Basic Research
Copyright ©The Author(s) 2004. Published by Baishideng Publishing Group Inc. All rights reserved.
World J Gastroenterol. Oct 15, 2004; 10(20): 3016-3020
Published online Oct 15, 2004. doi: 10.3748/wjg.v10.i20.3016
Differentiation of rat marrow mesenchymal stem cells into pancreatic islet beta-cells
Li-Bo Chen, Xiao-Bing Jiang, Lian Yang
Li-Bo Chen, Xiao-Bing Jiang, Lian Yang, Department of Surgery, Union Hospital of Huazhong University of Science and Technology, Wuhan 430022, Hubei Province, China
Author contributions: All authors contributed equally to the work.
Supported by the National Natural Science Foundation of China, No. 30170911
Correspondence to: Dr. Li-Bo Chen, Department of Surgery, Union Hospital of Huazhong University of Science and Technology, Wuhan 430022, Hubei Province, China.
Telephone: +86-27-85726301 Fax: +86-27-85776343
Received: December 10, 2003
Revised: January 23, 2004
Accepted: February 1, 2004
Published online: October 15, 2004


AIM: To explore the possibility of marrow mesenchymal stem cells (MSC) in vitro differentiating into functional islet-like cells and to test the diabetes therapeutic potency of Islet-like cells.

METHODS: Rat MSCs were isolated from Wistar rats and cultured. Passaged MSCs were induced to differentiate into islet-like cells under following conditions: pre-induction with L-DMEM including 10 mmol/L nicotinamide + 1 mmol/L β–mercaptoethanol + 200 mL/L fetal calf serum (FSC) for 24 h, followed by induction with serum free H-DMEM solution including 10 mmol/L nicotinamide + 1 mmol/L,β -mercaptoethanol for 10 h. Differentiated cells were observed under inverse microscopy, insulin and nestin expressed in differentiated cells were detected with immunocytochemistry. Insulin excreted from differentiated cells was tested with radioimmunoassay. Rat diabetic models were made to test in vitro function of differentiated MSCs.

RESULTS: Typical islet –like clustered cells were observed. Insulin mRNA and protein expressions were positive in differentiated cells, and nestin could be detected in pre-differentiated cells. Insulin excreted from differentiated MSCs (446.93 ± 102.28 IU/L) was much higher than that from pre-differentiated MSCs (2.45 ± 0.81 IU/L (P < 0.01). Injected differentiated MSCs cells could down-regulate glucose level in diabetic rats.

CONCLUSION: Islet-like functional cells can be differentiated from marrow mesenchymal stem cells, which may be a new procedure for clinical diabetes stem -cell therapy, these cells can control blood glucose level in diabetic rats. MSCs may play an important role in diabetes therapy by islet differentiation and transplantation.

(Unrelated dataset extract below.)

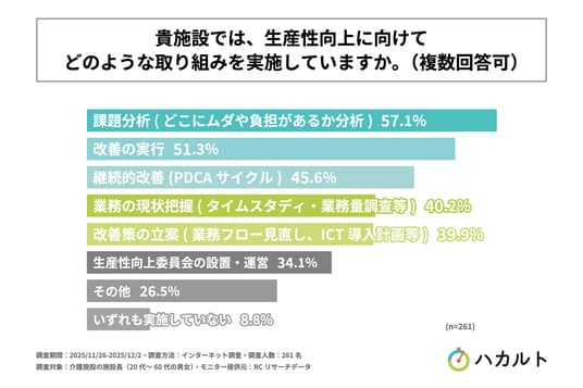 慢性的な人手不足が深刻化する介護業界において、業務効率化や「生産性向上」への取り組みは急務となっています。しかし、現場では改善の第一歩となる業務の現状把握において、リソースやノウハウ不足が大きな障壁となっており、客観的なデータに基づいた改善活動が十分に進んでいない現状があると考えられます。実際には、現場で労働環境の改善などの取り組みがどの程度行われているか、その実態はあまり明らかになっていません。そこで「ハカルト」は、介護施設における生産性向上の取り組み状況や、業務量調査の実態と課題を明らかにするため、調査を実施しました。

Diabetic mellitus (DM), one of the leading causes of morbidity and mortality in many countries, is caused by an absolute insulin deficiency due to the destruction of insulin secreting pancreatic cells (type 1 DM) or by a relative insulin deficiency due to decreased insulin sensitivity, usually observed in overweight individuals (type 2 DM). In both types of the disease, an inadequate mass of functional islet cells is the major determinant for the onset of hyperglycemia and the development of overt diabetes. Islet transplantation has recently been shown to restore normoglycemia in type 1 DM[1]. However, a limited supply of human islet tissues prevents this therapy from being used in patients with type 1 DM. Alternatively, much effort has been made to increase β cell mass by stimulating endogenous regeneration of islets or in vitro differentiated islet-like cells[2-5]. Multipotent stem cells have been described within pancreatic islets and in nonendocrine compartments of the pancreas[6-12], and these cells have the capacity of differentiating into pancreatic islet-like structures. Furthermore, cells that do not reside within the pancreas, such as embryonic stem cells(ESC), hepatic oval cells, cells within spleen, have been differentiated into pancreatic endocrine hormone-producing cells in vitro and in vivo[13-21]. However, despite their differentiating potency, differentiation of various stem cells into islet cells has two major obstacles preventing clinical application: One is that these stem cells do not originate from DM patients, transplanting them would unavoidably be rejected by DM recipients. The other is that the source is not enough to provide abundant stem cells. The current article reports a potential means to generate insulin-producing cells, islet differentiation from bone marrow-derived stem cells. We suggest that cells within the adult bone marrow (mesenchymal stem cells MSC) are capable of differentiating into functional pancreatic β cell phenotypes.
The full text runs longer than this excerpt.